# Cannondale Topstone NEO SL2



## cosmicbike (25 Jun 2022)

I'm in the market for an electric assist gravel type bike to replace my now 20,000 mile old Boardman CX which has served well, but I'm finding the commute harder as I get older, so figure some help is on the cards. Add that to the likelihood that my place of work (Heathrow) will soon fall into the ULEZ, which neither of my 25+ year old Volvo's comply with, and it becomes a reasonable expense, especially as it will be via GCI on a salary sacrifice.
My homework was done around the Orbea Gain (and I've read the thorough thread here), but on visiting my supplier at Heathrow they advised they are having issues with Orbea supply chain, and have moved to Cannondale. So the model of interest is the Topstone NEO SL2.
It seems to tick the boxes, rack mounts, mudguards will fit, it has the same X35+ drive system and a 2 x 10 drivetrain with hydraulic discs, so really the only difference is the frame.

I wonder if anybody has any experience with the model, or Cannondale in general?


----------



## CXRAndy (26 Jun 2022)

Looks a nice bike, big comfy tyres 42mm, tubeless ready wheels. Cannondale are no worse than most major brands, Its all Shimano group set, hydraulics.

If the price is agreeable to you and available go for it 

Edit, to give you an idea of how an ebike makes riding easier, especially if you are commuting. 

I did a couple of 60 milers with a recharge for return leg.

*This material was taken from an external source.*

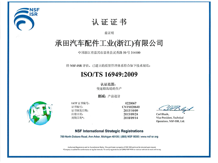 ISO認證證書(shū)
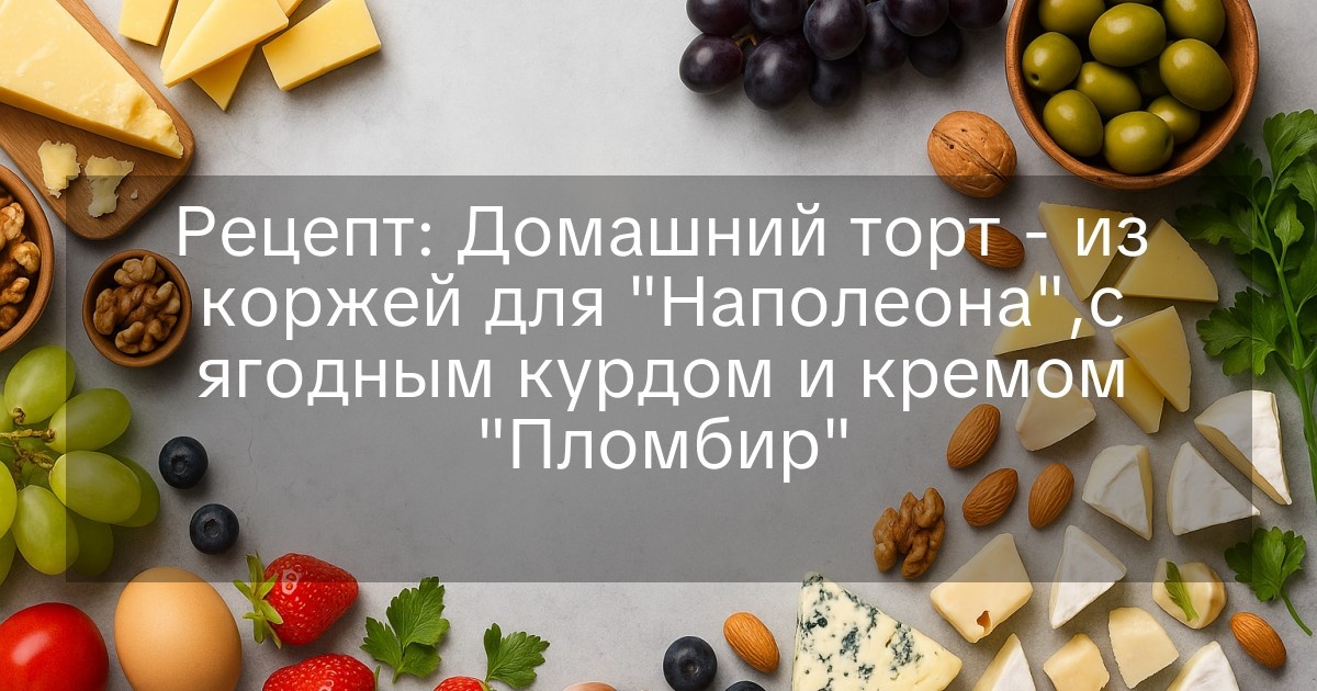 Рецепт: Домашний торт — из коржей для «Наполеона»,с ягодным курдом и кремом «Пломбир»

I hardly broke into a sweat for each part of the ride. I used all the power levels to maintain speed up hills and cruised on the lowest setting on the flats. I carried around 5kg of presents, didnt notice the extra weight at all.


----------



## cosmicbike (8 Jul 2022)

Order placed today If I was a size large I could have had it next week, but since I'm a medium it will be a while. Current wait suggests mid-September, so just in time for the Winter commuting when the car gets that bit more appealing!


----------



## CXRAndy (11 Jul 2022)

Don't forget to winter-ise with decent mudguards, lights and rack/panniers


----------



## cosmicbike (11 Jul 2022)

CXRAndy said:


> Don't forget to winter-ise with decent mudguards, lights and rack/panniers



Already have a spare rack, and mudguards. Will buy some new interim lights until I get a new dynamo hub built, my current one won't fit as it's QR and the new bike is thru-axle.


----------



## cosmicbike (29 Sep 2022)

Well the delivery date was 22nd September, and no sign of the bike yet. I checked in with the shop and they reckon it will be here 'soon'.....


----------



## cosmicbike (8 Oct 2022)

It's here at last! Collected today and managed a couple of hours fiddling this afternoon. First impressions are good, couple of build issues but nothing I can't correct. Fitted lights and pump etc etc, fingers crossed first ride tomorrow.


----------



## cosmicbike (9 Oct 2022)

Well that was interesting. First ride out today, and early start so it was chilly. When I ordered this I wanted an E bike that gave me a little assistance, not an easy ride, and it seems to be just that. I did one of my usual road bike loops which would normally be done on the Yukon with skinny tyres and maybe 75% of the weight, so 27 miles with about 1000ft of climbing. I reckon the E assist made it feel very similar on the Neo to the Yukon, still needed effort on the hills which is primarily where I felt the motor cut in. It's not really ON/OFF, but feels more like someone giving you a gentle saddle push. It works better if you spin a bit, rather than grind along. I need to fettle the power levels in the app, I picked one of the preset levels and it wasn't far off. The 27 mile ride left 77% in the battery.
Outside of the electric stuff the bars need moving, the saddle is OK for short trips, the tyres are Nano 700x40, probably suited to gravel and mud but not for commuting so they'll go in the long run. I'll spend some time on setup and riding it while it still looks nice, then add mudguards and rack for commuting duties.


----------



## cosmicbike (12 Nov 2022)

Finally got some time to make the bike commute ready. Now sat on Schwalbe Marathon Greenguards, set of SKS Stingray mudguards and the Topeak rack fitted. A few minor adjustments needed on the setup still, but first commute to work last week proved it's worth into the howling headwind on the way home. Still have to put the effort in, but for the same level of effort you go faster, until the motor stops helping of course! Covered 140 miles now of varied terrain, I find I spend more time above the cut off speed than below, so getting a decent workout. Still on the original charge from the shop and showing 26% remaining.


----------